保護を受ける著作物(条文解説)

著作権法6条は、次のように規定しています:
著作物は、次の各号のいずれかに該当するものに限り、この法律による保護を受ける。
1号)日本国民(わが国の法令に基づいて設立された法人及び国内に主たる事務所を有する法人を含む。以下同じ。)の著作物
2号)最初に国内において発行された著作物(最初に国外において発行されたが、その発行の日から30日以内に国内において発行されたものを含む。)
3号)前二号に掲げるもののほか、条約によりわが国が保護の義務を負う著作物」

本条は、わが国の著作権法によって保護を受ける著作物の適用範囲を明らかにしたものです。
「共同著作物」(法2条1項12号)については、共同著作者のうちの1人が「日本国民」つまり日本国籍を有する者であれば、本1号に該当する著作物としてわが国の著作権法の下で保護されると解されます。なお、「日本国民」には、「わが国の法令に基づいて設立された法人」と「国内に主たる事務所を有する法人」が含まれますが、ここで「法人」には、「法人格を有しない社団又は財団で代表者又は管理人の定めがあるものを含む」とされています(法2条6項)。

外国人(日本国籍を有しない者)の著作物については、それが最初に日本国内で「発行」(法3条参照)された場合には、当該外国人の国籍のいかんを問わず、わが国の著作権法によって保護されることになります(2号)。最初に日本国外において発行されたが、その発行の日から30日以内に日本国内において発行されたものについても同様です。

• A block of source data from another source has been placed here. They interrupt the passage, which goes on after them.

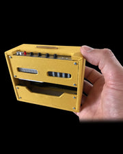 This handcrafted vintage-style amplifier* replica collectible is precisely proportionate to our 1:4 scale miniature guitars. The detail includes tweed like fabric, mahogany-built amp box, knobs, speaker detail, and much more. These miniature 1:4 replica collectible amplifiers make a great addition to any miniature guitar replica collection. *These are non-functioning models.
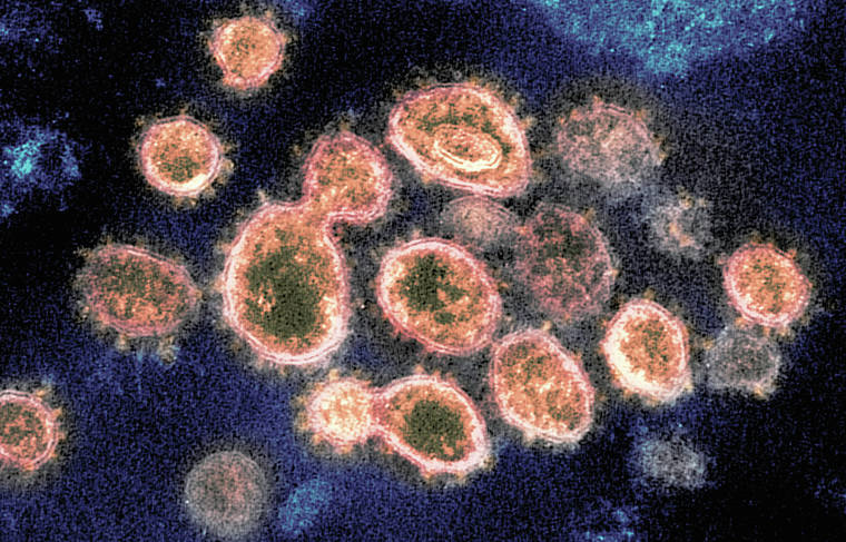 FILE - This 2020 electron microscope image provided by the National Institute of Allergy and Infectious Diseases - Rocky Mountain Laboratories shows SARS-CoV-2 virus particles which cause COVID-19, isolated from a patient in the U.S., emerging from the surface of cells cultured in a lab. Viruses are constantly mutating, with coronavirus variants circulating around the globe. (NIAID-RML via AP)
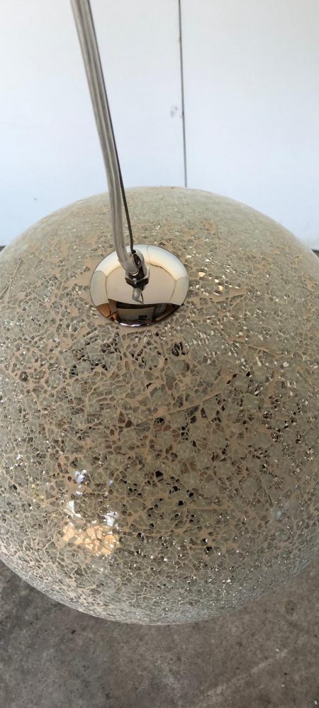 Mozaïek bal 40 cm dia, met kleine stukjes glas ingelegd, 1 x 27 max 40w, hoogte 40cm……130cm.

わが国は現在、ベルヌ条約及び万国著作権条約を締結し、さらにWTOに加盟しているため、これらの条約によって保護義務を負うこととなる著作物については、当然、わが国の著作権法の下で保護されることになります(3号)。ここでは、現在、著作権保護にとって最も重要な(影響力のある)ベルヌ条約上、ベルヌ同盟国が保護義務を負う著作物について簡単に説明します。
わが国を含めて、ベルヌ同盟国が保護義務を負う著作物は、次のとおりです(ベルヌ条約3条及び4条参照):
〇ベルヌ同盟国の国民である著作者の著作物(発行されているか否かを問わない)(ベルヌ条約3条(1)(a))
〇ベルヌ同盟国で最初に発行された著作物(同盟国を含む2以上の国での30日以内の同時発行を含む)(同条約3条(1)(b)・(4))
〇ベルヌ同盟国に常居所を有する著作者の著作物(同条約3条(1)(a)・(2))
〇ベルヌ同盟国に主たる事務所又は常居所を有する者が製作者である映画の著作物(同条約4条(a))
〇ベルヌ同盟国で建設された建築の著作物、又はベルヌ同盟国に所在する建物その他の建造物に組み込まれている美術的著作物(同条約4条(b))
なお、以上のベルヌ条約3条及び4条は、TRIPS協定9条1及びWIPO著作権条約3条を介して、同協定の加盟国間、同条約の締約国間でも適用されることになります。